The Eureka chapter of the NAACP posted a press release on their website on April 26 asking recruiters from Humboldt State University to stop going to majority-minority areas and recruiting students of color.
The press release listed several demands of the university changes and a call on the university to “forgo” the access to money that this recruitment opens up to the university.
In the press release the NAACP said “HSU recruiters continue to travel to minority-majority communities, with the intent to enroll more students of color. Yet there has been no consistent presence of HSU administrators at the monthly vigils organized and facilitated by the students and Charmaine Lawson, the mother of Josiah Lawson.”
The NAACP also expressed that HSU should be more transparent to students of color when it comes to racism in HSU.
“If HSU is ‘number one for Social Justice’ as advertised, the University must accept responsibility for the negative impacts of its actions and inactions on students of color immediately,” the NAACP said..
The NAACP also called out the college’s responsibility to protect students from “foreseeable violence on campus and in school-related activities off campus,” claiming that HSU was not taking action to do so. This responsibility is based off a California Supreme Court ruling in March that colleges must protect their students from foreseeable violence in a classroom setting.

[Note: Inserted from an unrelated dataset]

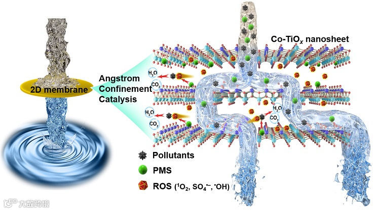近日,清华大学深圳国际研究生院张正华团队在Nature旗下的子刊Nature Communications 上发表研究论文,制备了二维钴晶格掺杂的钛氧化物(Co-TiOx)纳米片,并将其组装成具有多级层状埃米(4.6 Å)限域结构膜。研究结果表明,埃米限域空间内高效暴露活性位点,能加强对过一硫酸盐(PMS)的活化,产生强氧化自由基实现对目标污染物雷尼替丁的长效降解(100%)。有效降解速率高达1.06 ms-1,是传统非均相催化反应体系的105-7倍。此外,Co-TiOx 膜/PMS体系能实现对多种有机物的快速(膜保留时间<30 ms)高效降解。结合周期性密度泛函理论(DFT)、分子动力学(MD)以及第一性原理分子动力学(AIMD)计算结果分析,埃米限域空间催化不仅能促进PMS的分解,提升自由基的产率,而且能大大缩短自由基至目标污染物的迁移距离,保证自由基在半衰期内与污染物的有效接触,实现自由基的高强度、集约化的空间利用率,进而提高催化效率。此外,埃米限域空间能增强水分子与Co-TiOx之间的氢键作用力,促进分子在埃米限域通道内的快速传质,进而加快催化反应进行。研究发现膜法埃米限域催化的策略同样适用于其他二维材料膜。因此,该工作不仅揭示了埃米限域催化氧化高效快速去除水中有机污染物策略的重要性,也为推动高级氧化法水处理技术的发展提供新思路。
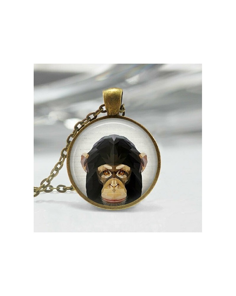 Nincs szín - Majommedál, geometriai csimpánz nyaklánc, majomművészeti ékszerek, sokszög, ezüst

HSU President Lisa Rossbacher sent out a brief statement in response, expressing her thoughts on the NAACP’s press release.
“I was astonished that the Eureka NAACP chapter would suggest that HSU could or should stop recruiting students of color,” Rossbacher said in her statement. “HSU is deeply committed to diversity and equality, and that would be a giant step backward for the values and mission of this university.”
It‘s no secret to some that Humboldt State University’s administration has been facing criticism from students for lack of acknowledging racism around the campus, and its failure to protect students from the murder of HSU student Josiah Lawson to the students who have shared experience of rampant racism in Humboldt county.